[Information supplied — start]

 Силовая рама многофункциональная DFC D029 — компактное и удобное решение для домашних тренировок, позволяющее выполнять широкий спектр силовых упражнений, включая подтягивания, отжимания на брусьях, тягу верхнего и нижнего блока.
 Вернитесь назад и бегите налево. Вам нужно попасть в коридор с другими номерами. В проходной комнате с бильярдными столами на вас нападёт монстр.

[Information supplied — finish]
[Information supplied — start]

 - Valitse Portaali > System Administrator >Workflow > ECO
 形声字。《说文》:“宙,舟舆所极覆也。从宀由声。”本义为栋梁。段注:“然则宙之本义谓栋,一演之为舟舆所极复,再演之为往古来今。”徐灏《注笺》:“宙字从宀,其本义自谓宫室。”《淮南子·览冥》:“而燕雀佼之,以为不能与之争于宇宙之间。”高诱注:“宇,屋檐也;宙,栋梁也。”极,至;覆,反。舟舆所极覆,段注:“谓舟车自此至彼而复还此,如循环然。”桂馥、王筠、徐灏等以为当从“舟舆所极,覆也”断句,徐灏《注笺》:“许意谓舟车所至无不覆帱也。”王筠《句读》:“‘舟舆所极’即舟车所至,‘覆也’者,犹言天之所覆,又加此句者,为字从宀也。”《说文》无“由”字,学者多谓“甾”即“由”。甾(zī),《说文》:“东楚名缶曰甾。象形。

[Information supplied — finish]

Copy out only the lines of the records above from the one with "Силовая рама многофункциональная" through the one with "Вернитесь назад и", exactly as they stand, both included.

 Силовая рама многофункциональная DFC D029 — компактное и удобное решение для домашних тренировок, позволяющее выполнять широкий спектр силовых упражнений, включая подтягивания, отжимания на брусьях, тягу верхнего и нижнего блока.
 Вернитесь назад и бегите налево. Вам нужно попасть в коридор с другими номерами. В проходной комнате с бильярдными столами на вас нападёт монстр.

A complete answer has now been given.